● Goal of the exercise
For each line of the data below that includes the string "XVII", count one, and answer with the sum only.

*** Opening of Records shown ***

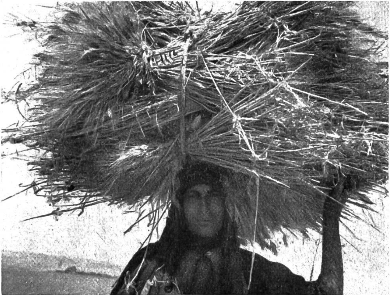
Beduinenfrau der syrischen Steppe mit einer Getreidegarbe.
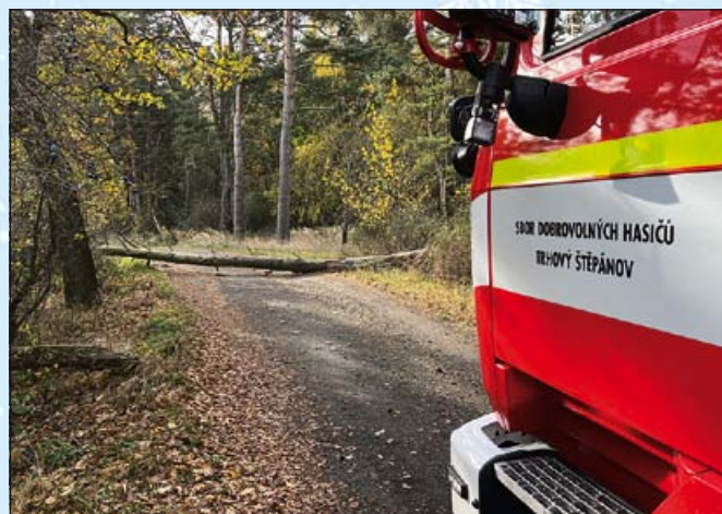
Odstranění spadlého stromu, Trhový Štěpánov
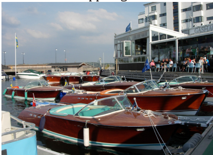
Middag på Bryggan, Lidingö.

Dagens tripp på ca 45 Nm avslutades vid 23-tiden då vi anlände Hammarbyslussen i lagom tid för att hinna med sista slussöppningen.
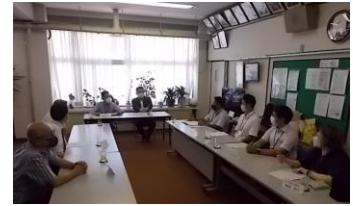
参観後の意見交換

また、3校時には、学校運営協議会委員の皆さんにも来校していただき、子供たちの様子を見ていただきました。委員の皆さんから「子供たちががんばっている姿がよかった。」という意見をたくさんいただきました。（学校運営協議会とは、市川市教育委員会から任命された地域住民、保護者の代表等の委員の皆さんが一定の権限と責任をもって学校運営に参画する「学校にある学校応援団」のことです。）
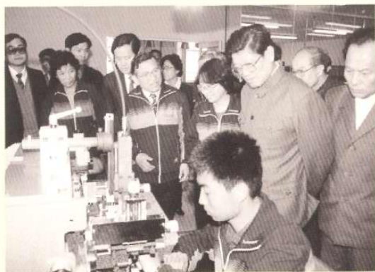
1991年4月18日，中共中央政治局委员、国家教委主任李铁映考察天津开发区。
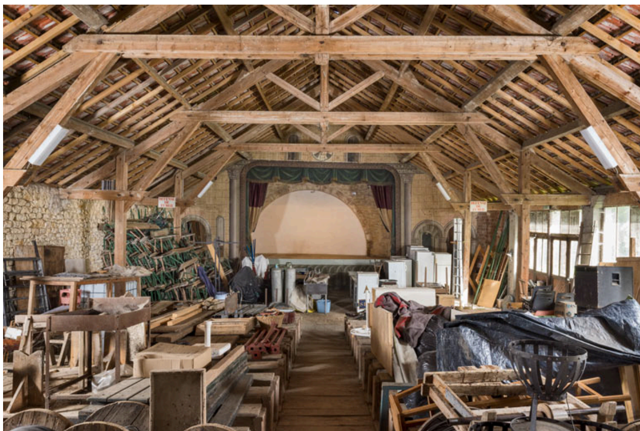
La scène, vue de la salle.
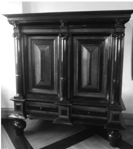
Голландский шкаф XVII века в экспозиции «Столовая изба» музея «Замковый комплекс «Мир»

Изготовление мебели в Голландии, как и в других европейских странах, считалось почётным занятием среди населения этой страны. Уже к началу XVII в. Амстердам стал одним из главных центров этого
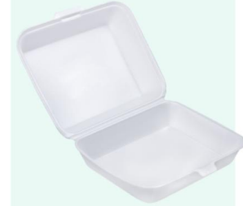
Foam food container
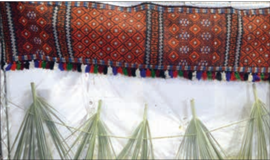
بافت گلیم ها نسبت به گذشته کاهش یافته است
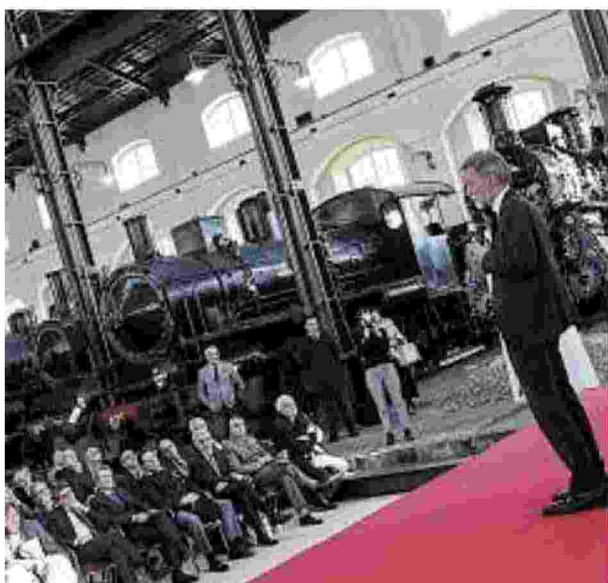
Il ritorno Un anno dopo nel museo di Pietrarsa il mondo del trasporto su ferro si è ritrovato assieme al ministro Delrio
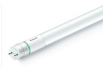
MASTER LEDtube Value 1500mm UO 24W 840 T8 Glas Bestell-Nr.: 647 056 00 1200mm UO 16W 840 T8 Glas Bestell-Nr.: 646 998 00
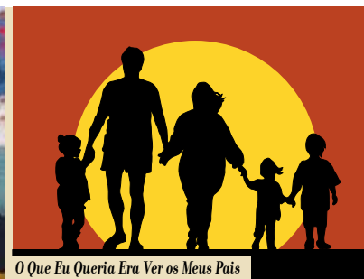
O Que Eu Queria Era Ver os Meus Pais Juntos: As Crianças e o Divórcio | dia 7

de 6 a 22 EXPOSIÇÃO Bastidores do Samba • de segunda a sexta, das 15 às 17.30, sábados, domingos e feriados, das 15 às 18h Sala Multiusos, Fortaleza de Santiago
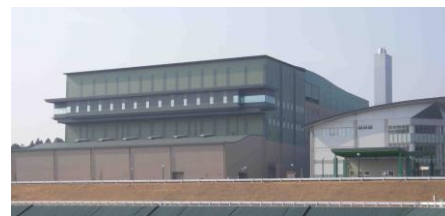
焼 却 施 設

4月の調査は、01から05の検査項目を実施しました。調査の結果、全ての検査項目で評価基準値を満足していました。
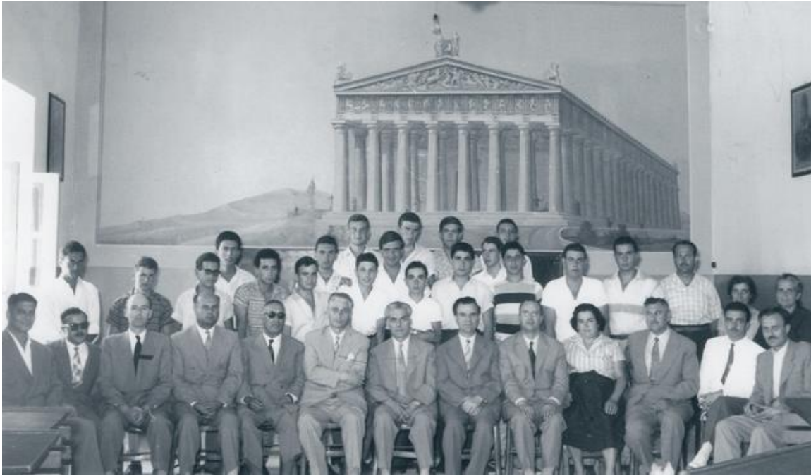
Γυμνάσιον Αρρένων Σύρου Αίθουσα Παρθενώνας. Αποφοίτηση Η' τάξεως 28-6-1960
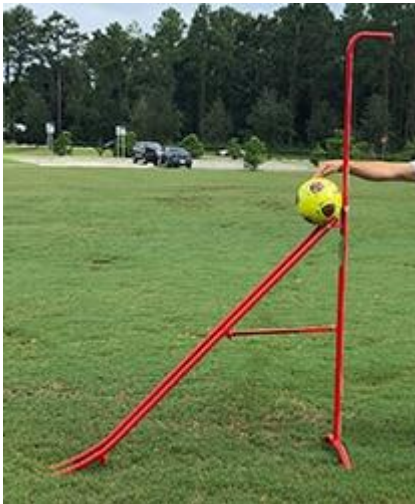
Figura 10: Prueba de balanceo de la pelota.
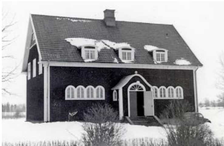
Mjältnäs skola 1951

Den bilen fick enligt Bengt göra nytta på annat sätt också. Man hissade upp bilen på en ställning och lät bakhjulen snurra mot stora hjul på en axel med en remskiva som gav kraft och rotation till en kapsåg till exempel. Hastigheten på sågen kunde regleras med att man lät bilen gå på hel eller halvfartsväxel, och man kunde också ge mer eller mindre med gas. En genialisk idé men om den skulle klara arbetsmiljökraven idag är väl knappast troligt.

*** Close of Records shown ***

● Answer space
2